RECORDED INFORMATION
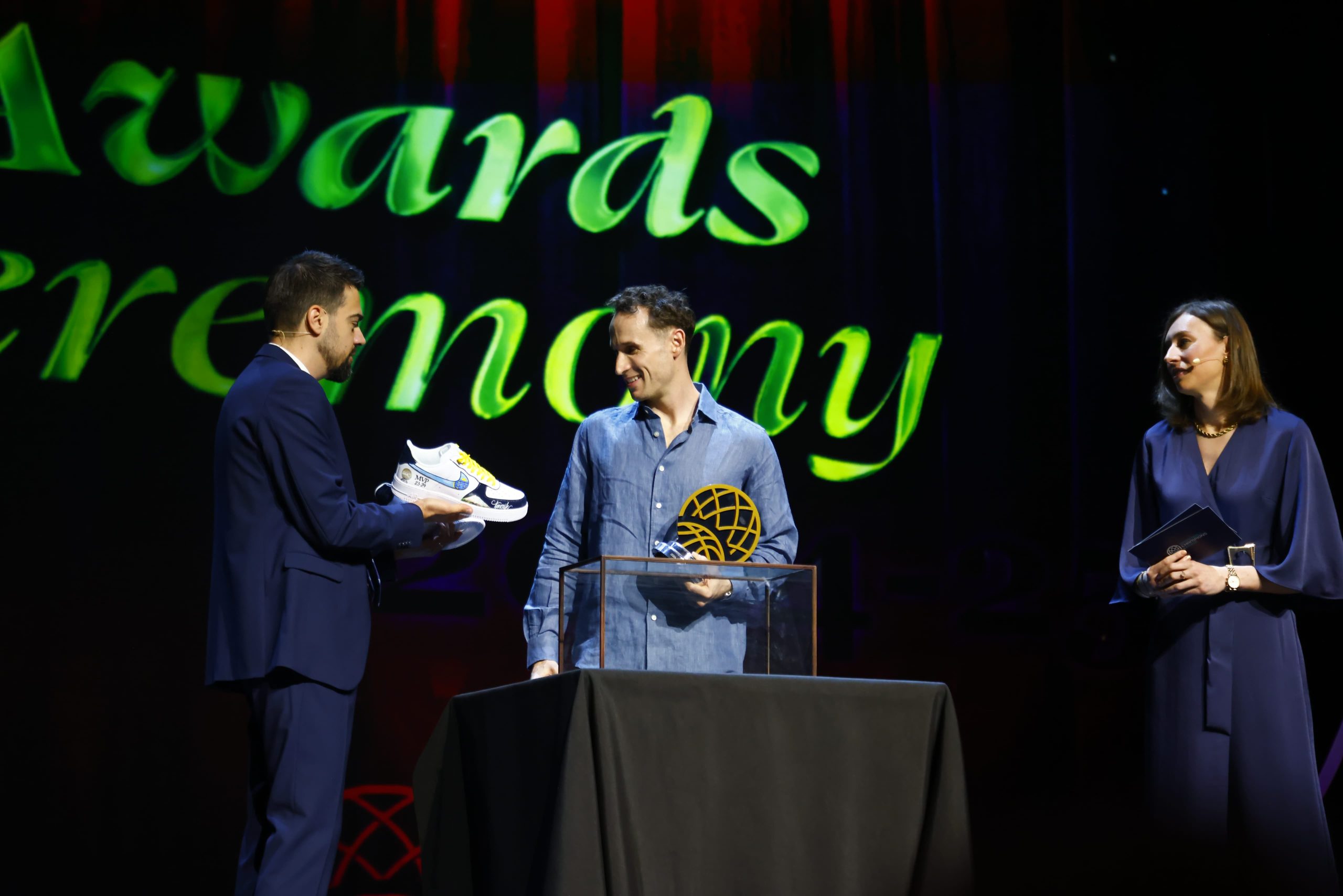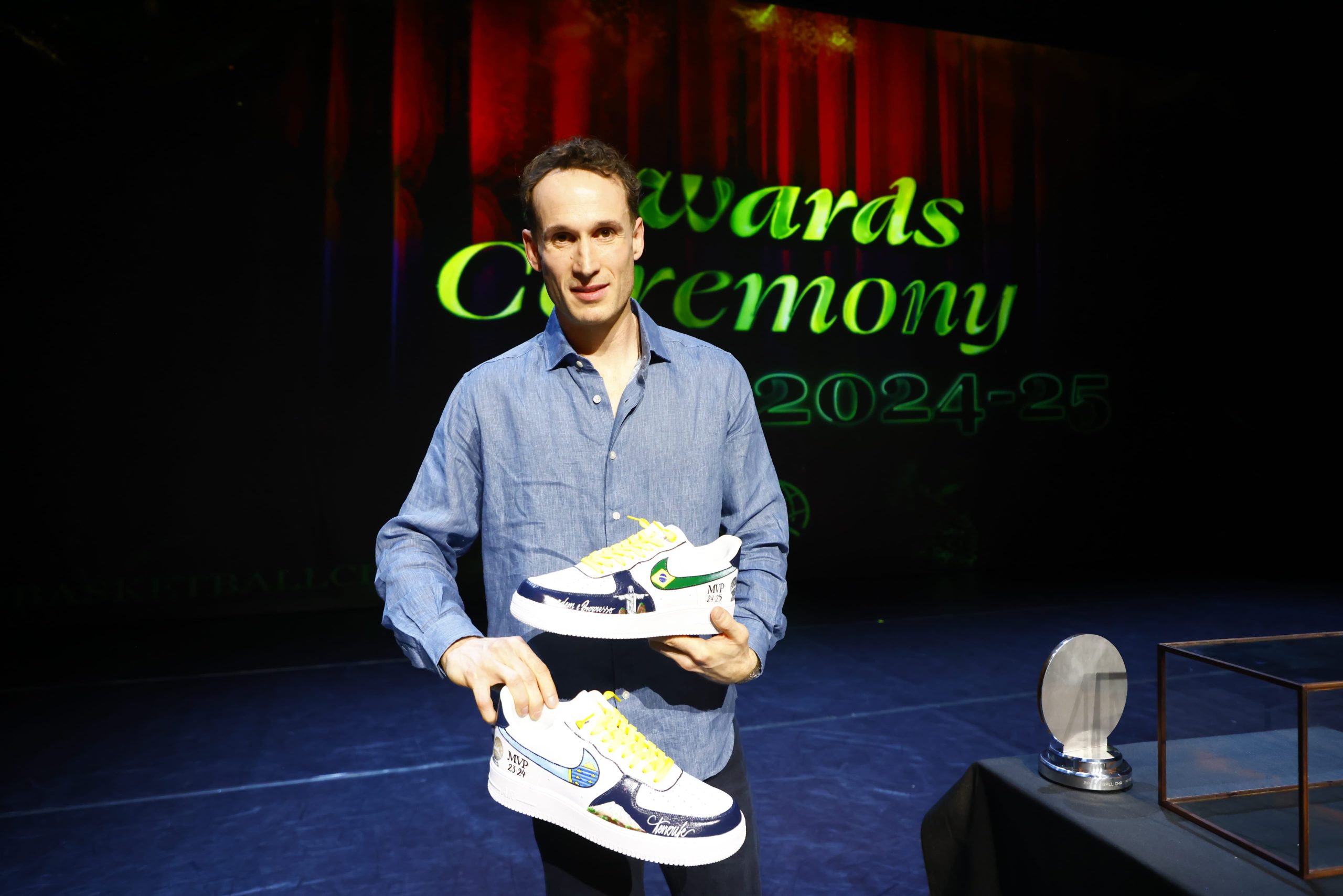 El brasileño recibió el trofeo de la mano del ex internacional griego y leyenda del baloncesto FIBA, Theodoros Papaloukas, durante la Gala Anual de la BCL, celebrada este mediodía en el “Hellenic Cosmos” de Atenas.
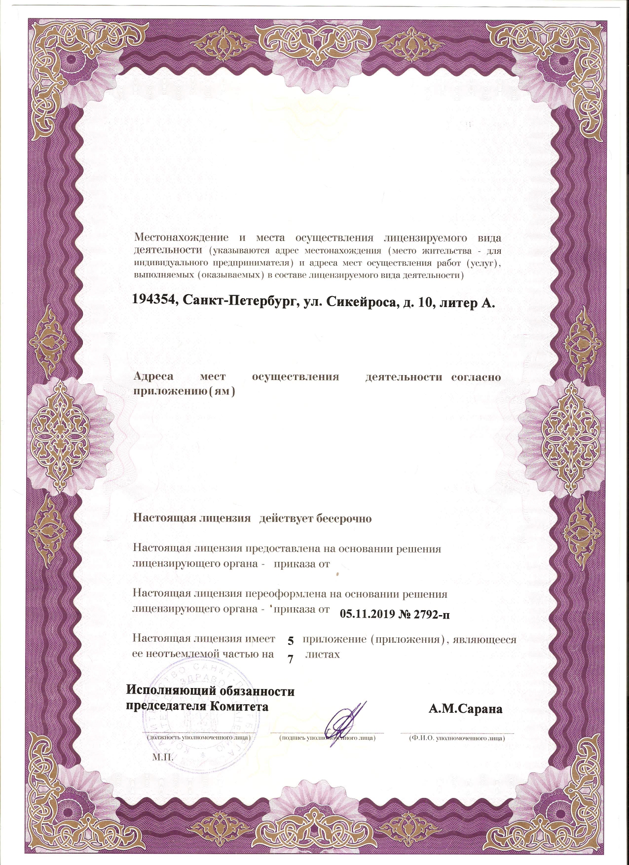 Адрес: г. Санкт-Петербург,
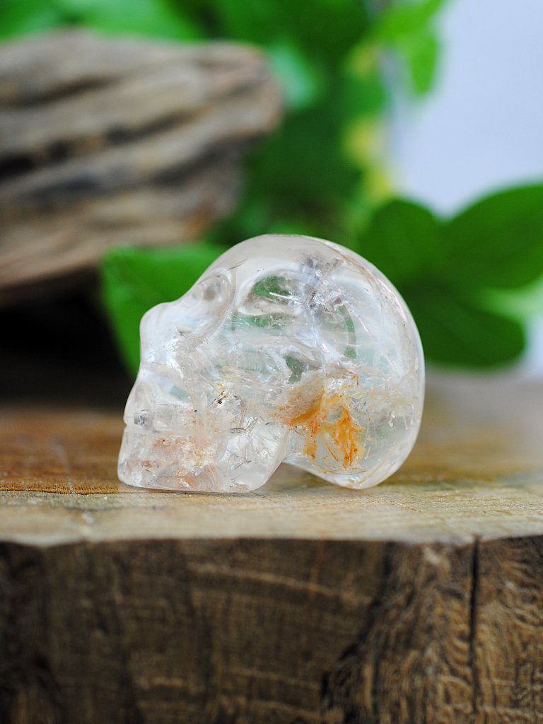 Otroligt fin dödskalle fylld med gyllene trådar och mycket klar i tonen. Dödskallen är handpolerad med fina, tydliga detaljer och av sten i hög kvalitet. Stenen har ett unikt mönster, skimrande inre och mindre naturliga märken.
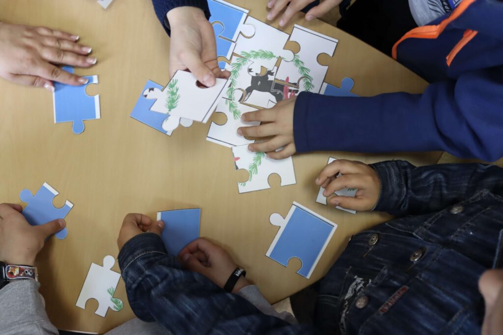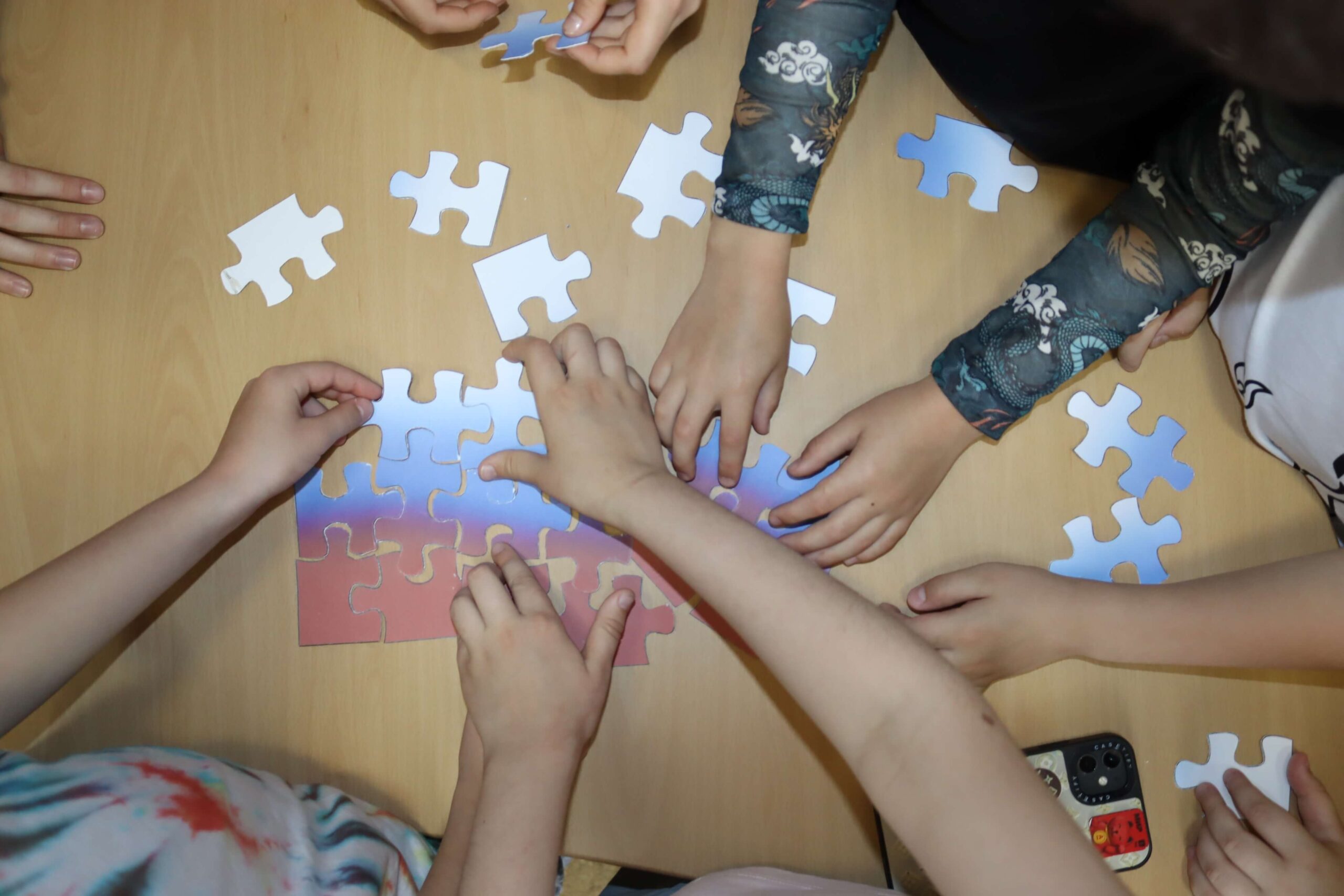 На станции «Символы России» школьники вспомнили официальные символы нашей страны: герб, флаг и гимн, а также неофициальные общепризнанные символы, которые отражают историю и культуру России – это матрёшка, самовар, балалайка, берёза, русская тройка, Кремль, медведь и другие. Объединившись в две команды, дети на скорость собирали пазлы из цветной бумаги, складывая флаг России и герб Иркутской области.
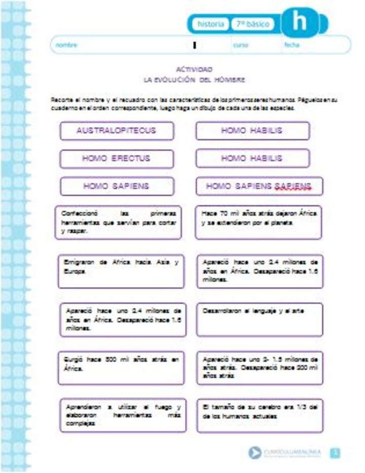 Actividad de unir las características de cada etapa de la evolución del ser humano
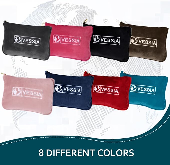 - PERFECT TRAVEl ASSISTANT - This warm compact Vessia Travel Blanket and Pillow 2 in 1 would be a top choice for your trip. It could be used on the Airplane, train, couch and car. This portable blanket would keep you warm and comfort. Not comfortable on the Seat? You could also use this blanket as a pillow. This Travel blanket could be used in All Seasons.
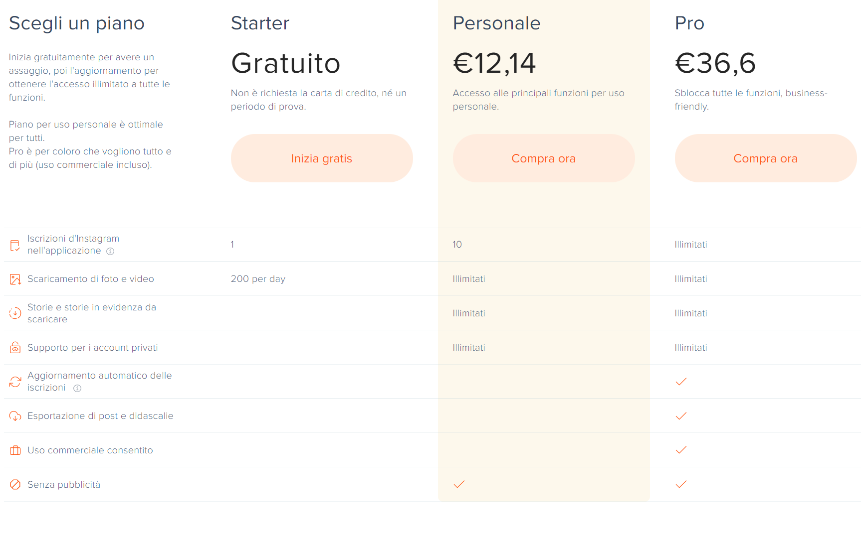 Con il piano gratuito possiamo effettuare il download di foto su Instagram selezionandole una alla volta, fino a 200 al giorno, e registrare un solo account. Già con il piano Personale, dal costo di 12,14€, possiamo scaricare foto, video e storie in modo illimitato, e registrare fino a 10 account nell’applicazione: in questo modo potremo anche fare il download di contenuti dagli account dei nostri amici o dei nostri clienti, ad esempio. Il piano Pro infine è orientato ad un’utenza business, tanto che abilita all’utilizzo dell’applicazione per scopi commerciali.
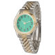 This women's watch has an art deco design of blue curved lines in a triangle shape on a field of green repeated across the design. Want a different colour? Message me.
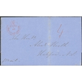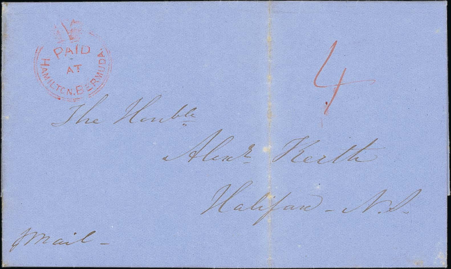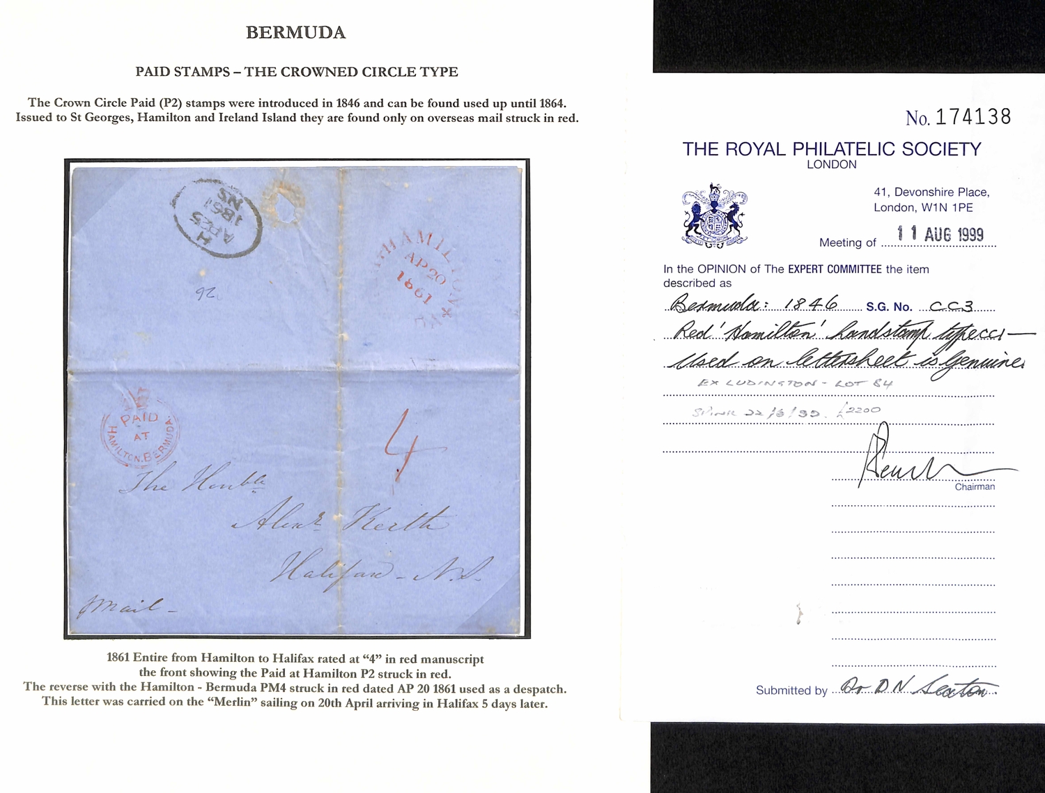 Hamilton. 1861 (Apr 20) Entire letter to Halifax, Nova Scotia, prepaid 4d, a fine red Hamilton crowned circle on the front, backstamped with red Hamilton datestamp type PM4, and at Halifax (Apr 25), carried on the "Merlin", vertical file fold, otherwise fine with an unusually good strike of the crowned circle. Ex Ludington and Osborn Collections, with R.P.S Certificate (1999). S.G. £4,000. Photo on Inside Front Cover.

PROBLEM TO SOLVE
Return only the lines from the start of the data through the line that contains "Otroligt fin dödskalle", please, copying them exactly and omitting all pictures.

TASK ANSWER
 El brasileño recibió el trofeo de la mano del ex internacional griego y leyenda del baloncesto FIBA, Theodoros Papaloukas, durante la Gala Anual de la BCL, celebrada este mediodía en el “Hellenic Cosmos” de Atenas.
 Адрес: г. Санкт-Петербург,
 Otroligt fin dödskalle fylld med gyllene trådar och mycket klar i tonen. Dödskallen är handpolerad med fina, tydliga detaljer och av sten i hög kvalitet. Stenen har ett unikt mönster, skimrande inre och mindre naturliga märken.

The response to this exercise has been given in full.